Environmental laws are now stronger than ever with greater ability to hold waste criminals and those responsible for contamination to account thanks to new laws passed in the NSW Parliament last night.

NSW Environment Minister James Griffin said the Environment Legislation Amendment Bill 2021 will help stop innocent landowners and the Government footing the bill for illegal dumping and contaminated land.

“When our environmental laws were introduced decades ago, they were powerful and used as the benchmark around Australia, but now is the right time to strengthen them again,” Mr Griffin said.

“Since 2012, these laws have been used to successfully prosecute nearly 680 polluters and make them pay $12 million through the courts for their crimes.

“Criminal behaviour has evolved since then, which is why we’ve created powerful amendments to strengthen the law so waste criminals can’t exploit and profit from loopholes.”

In the past three years, these loopholes have seen more than 132,000 tonnes of contaminated waste being illegally dumped in NSW, and the Government or innocent landholders being left with substantial clean-up costs.

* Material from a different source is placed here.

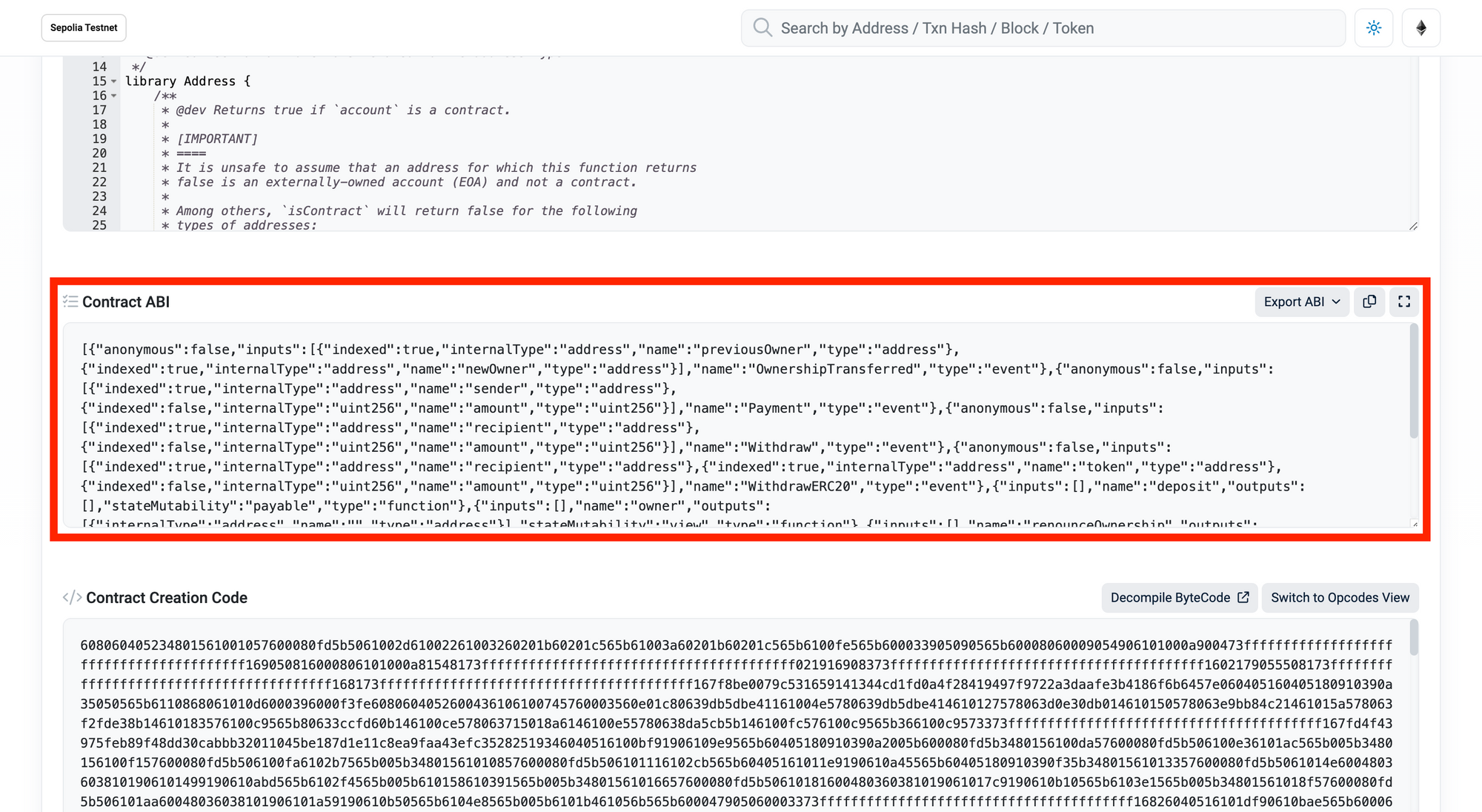To get the ABI, open the page for the contract on Sepolia Etherscan. If you’re using the pre-deployed example, search for 0x728DDDe0aB16B59df95a4D43d9692a44b7AEe944. If you’re using a newly deployed Tipjar, search for its address. Click on the Contract tab, scroll down to the Contract ABI, and copy it.

Some of the updates to the legislation include:

  • Ensuring current and former directors of corporate bodies are held responsible for their crimes, even if they’ve set up and then dissolved companies (phoenixing) to deflect accountability
  • Holding to account related companies that benefit from a crime both financially, and in future licensing decisions
  • Acting against the owners of vehicles involved in illegal waste dumping (the Act previously only applied to the driver of a vehicle)
  • Ensuring that if land is subdivided or sold, or if a licence is surrendered, the ongoing management of contaminated sites is maintained and not left to government or innocent landholders to manage
  • New and increased maximum penalties, to further deter criminal behaviour
  • Increased protections for officers investigating environmental offences so they can do their jobs safely.

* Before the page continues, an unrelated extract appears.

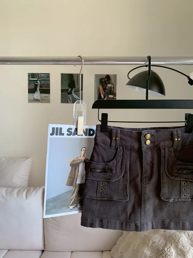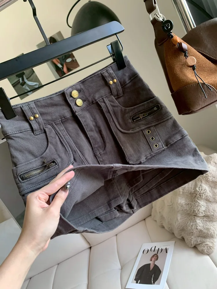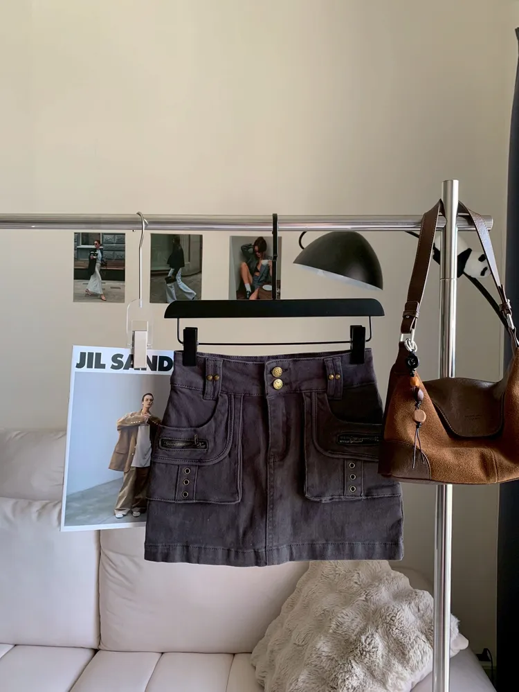 T972水泥灰彈性口袋短裙

“These changes will ensure those responsible for contamination and pollution can be made to clean it up or manage it into the future,” Mr Griffin said.

“This is good news for the environment, and for communities that have suffered from the actions of environmental criminals.”

The Environment Legislation Amendment Bill 2021 is another step in the NSW Government’s commitment to waste policy and the environment, following the release of the Waste and Sustainable Materials Strategy 2041.